Toutes les éco-ressources prises en charge sont intégralement valorisées par des procédés de broyage, de méthanisation et de filtration afin de produire des engrais et des fertilisants liquides. A la fin du process de fabrication, l’eau est également revalorisée.
Dans le contexte d’une agriculture Bretonne souvent montrée du doigt pour son impact sur l’environnement, la technologie Morgane offre une solution nouvelle génération à la fois écologique et éthique à la pollution aux nitrates, à la prolifération des algues vertes sur les littoraux et à la production d’énergie propre sans utiliser de matières premières ou de céréales nécessaires à l’alimentation humaine.

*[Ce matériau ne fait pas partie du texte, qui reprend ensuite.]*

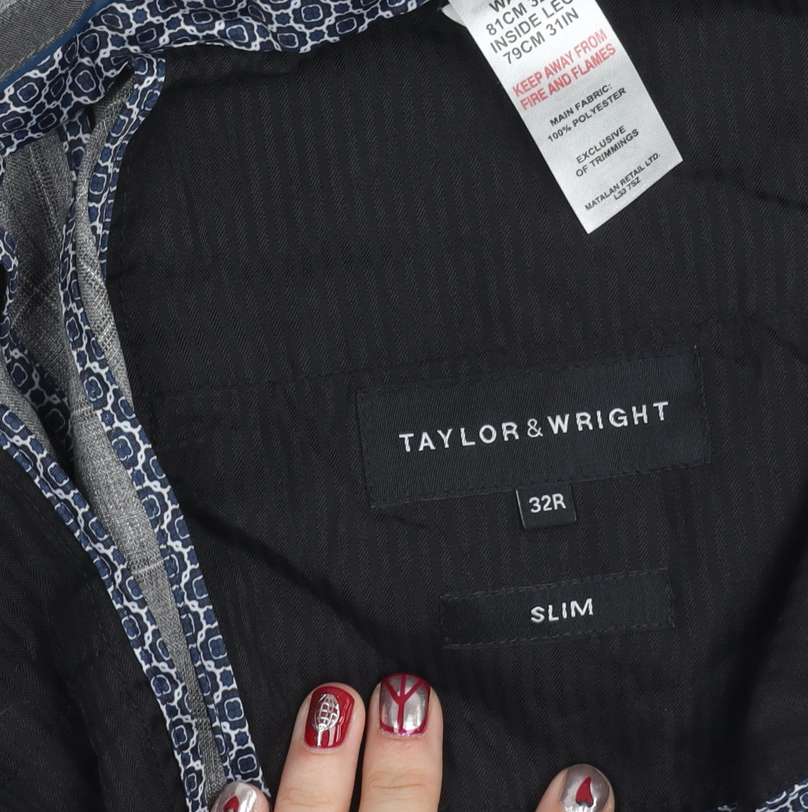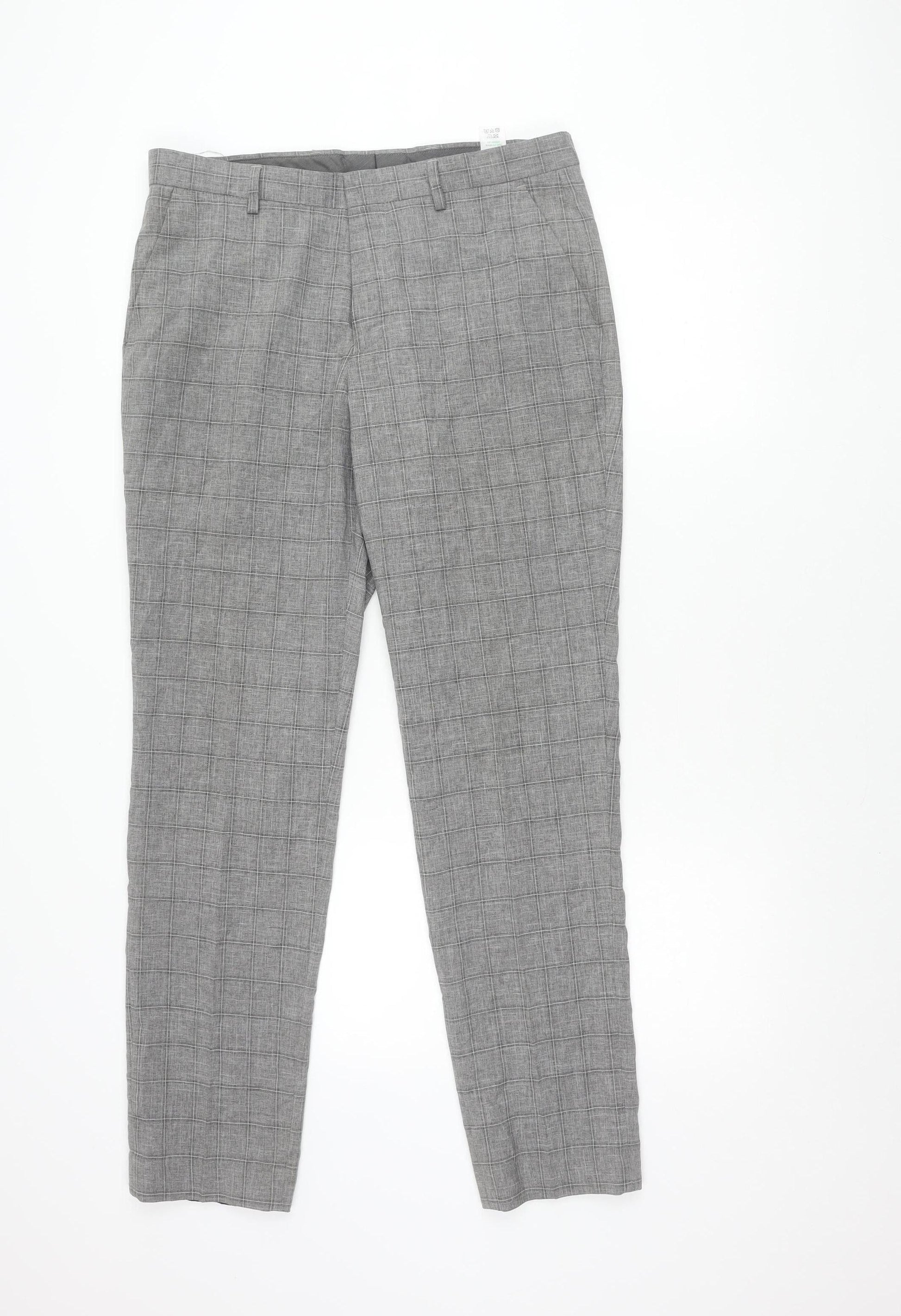 Taylor & Wright Men's Grey Check Slim Fit Dress Trousers 32W 31L

Cette technologie révolutionnaire intéresse déjà de nombreux pays dans le monde, comme la Chine, par exemple, confrontés aux marées vertes des algues.
« Morgane » est également une réponse à de fortes attentes régionales. En effet, la Bretagne ne disposant pas de centrale nucléaire doit, sur ses propres ressources, développer un modèle alternatif de production d’énergie pour contribuer à la diversification des sources d’énergie. De plus, les industriels bretons de l’agroalimentaire ainsi que les professionnels du monde agricole y trouveront une réponse efficace à leurs problématiques de déchets.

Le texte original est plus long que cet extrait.